Chinese State-owned oil and gas giant China National Offshore Oil Corp said on Wednesday that it has completed the country's first offshore carbon capture and storage project designed to permanently bury carbon dioxide in the seabed.

After 10 months of preparations, the project will serve the Enping 15-1 oilfield located in the mouth of the Pearl River, about 200 kilometers south of Shenzhen, Guangdong province, said the country's top offshore oil and gas driller.

Liu Huaxiang, general manager of the deepwater engineering construction department under CNOOC's Shenzhen branch, said the project will store CO2 emitted during the oil extraction process, and it is capable of storing more than 300,000 metric tons of the greenhouse gas annually, equivalent to planting 14 million trees or taking 1 million cars off the road each year.

The project will further facilitate the country's ambition to achieve a carbon peak by 2030 and carbon neutrality by 2060, he said.

Carbon capture, utilization and storage, or CCUS, is an important emissions reduction technology that can be applied across the energy system. It involves the capture of CO2 emitted during industrial processes, the transport of the gaseous compound via ship or pipeline, and either its use as a resource to create valuable products or services or its permanent storage deep underground in geological formations.
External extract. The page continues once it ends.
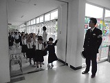 安全教室 投稿日時 : 2018/05/18 低学年 1年生が安全に道路を渡ることができるように、警察の方やボランティアさんをお呼びして、安全教室を行いました。 DVDを見て確認をした後、校内や体育館につくられたコースを実際に歩いてみました。「一旦止まって、右を見て、左を見て、もう一度右を見て、手を挙げて、渡りましょう。」毎日安全に気をつけることができるように、お家の方からも声をかけてあげてください。

According to the International Energy Agency, facilities built around the world now have the capacity to store more than 40 million tons of CO2 every year.

Offshore CCUS activity is already underway in Norway and the United States, with captured CO2 supplied to developers to inject into oil fields to help boost recovery rates, according to Reuters.

Luo Zuoxian, head of intelligence and research at the Sinopec Economics and Development Research Institute, said CCUS plays a key role in China's green transition, and also has broad prospects and potential.

Luo said cleaner use of fossil fuels plays a key role as the country goes full throttle to achieve a greener energy mix, which in turn has to rely on the development of CCUS technologies.

Most of the world's major economies are coming up with their own CCUS plans and China as a major coal consumer should also plan ahead and step up efforts in related areas, he said.

China is already making tremendous efforts in CCUS applications with numerous breakthroughs seen over the past few years, Luo added.

According to an assessment report drawn up by the Ministry of Science and Technology and other government bodies earlier this year, the future theoretical emissions reduction potential of CCUS technology is huge.